I'm getting close to finishing and glueing up a cradle for my new son, 2 weeks old now. (I was going to have it finished before he was born, but he came 4 weeks early!) I'm using some very affordable poplar as this is my first furniture project of this type. I've done decorative fences and decks for years and only basic shelving units for inside our closets previously.

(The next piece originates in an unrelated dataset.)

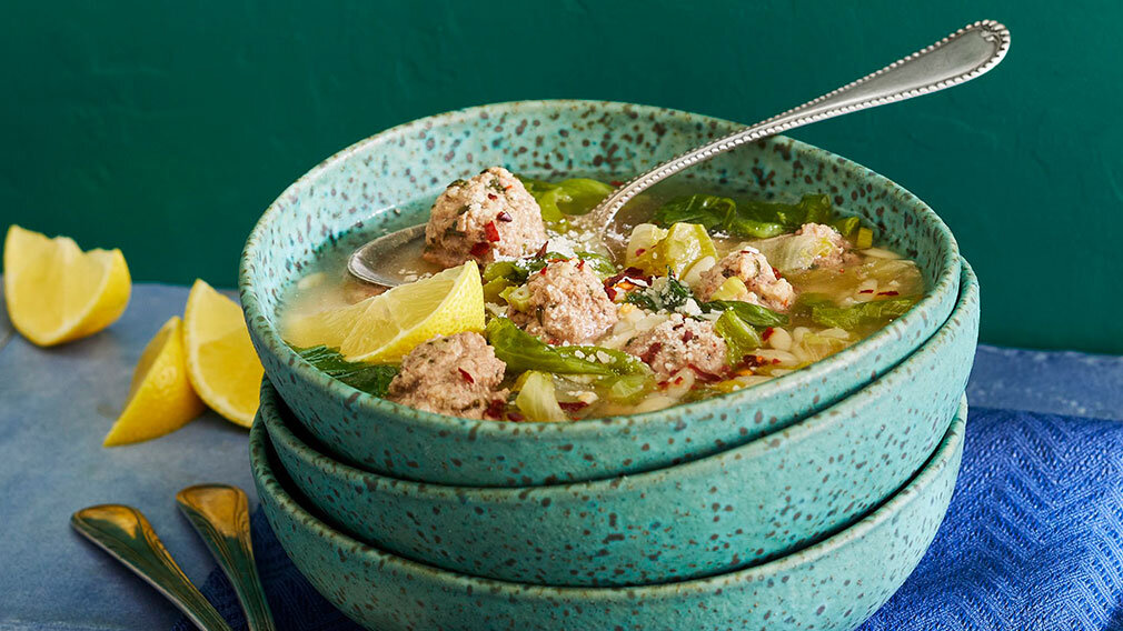Перелейте бульон в большую кастрюлю на сильном огне. При закипании опускаем фрикадельки. Добавьте эскарол, цедру лимона и орзо. Дождитесь закипания убавьте огонь до среднего. Готовьте при медленном кипении в течение 10 минут или пока орзо не станет мягким, часто помешивая. Подавать посыпать сыром.

So...I need some ideas for what kind of finish to put on it. My wife wants it to be pretty dark but without the red tint of cherry and some other stains. And I want some kind of protective coating via polyurethane or something suitable, but the wife doesn't want it to be too glossy looking. I also need to know how long to cure things before putting the little guy in it. 

Thanks in Advance,

Josh the Marine


----------



## Glenmore (Sep 10, 2004)

Josh how about a Walnut stain. And a poly satin finish dark but not to glossy. Leave it set for about a week the oder will subside. Oh and congrats to you and your wife on the new arrival.


----------



## mountain monkey (Aug 17, 2008)

That's what I was thinking really. I wonder how Minwax's polystain performs compared to applying the poly later. I grabbed a can of the walnut actually a couple of weeks ago with a mind to give it a try on some extra wood. (I'm tempted to say scrap, but I think I might get scolded from some members for even suggesting anything is scrap. I did read the "waste not want not post".

Josh the Marine


----------



## jerrymayfield (Sep 25, 2004)

The polyshades or whatever its called is one of the worst things ever put in a can. If it were me I would start with off the shelf shellac and one of the metallic dyes,such as Trans Tint in a color you like(special walnut,burnt umber,any of the browns) use some of the cut-offs of poplar and experiment. Shellac is one of the safest and fastest curing finishes available. I know you don't want your new-born exposed to any off-gassing as the finish cures. Most varnish takes about thirty days to cure.

Regards

Jerry


----------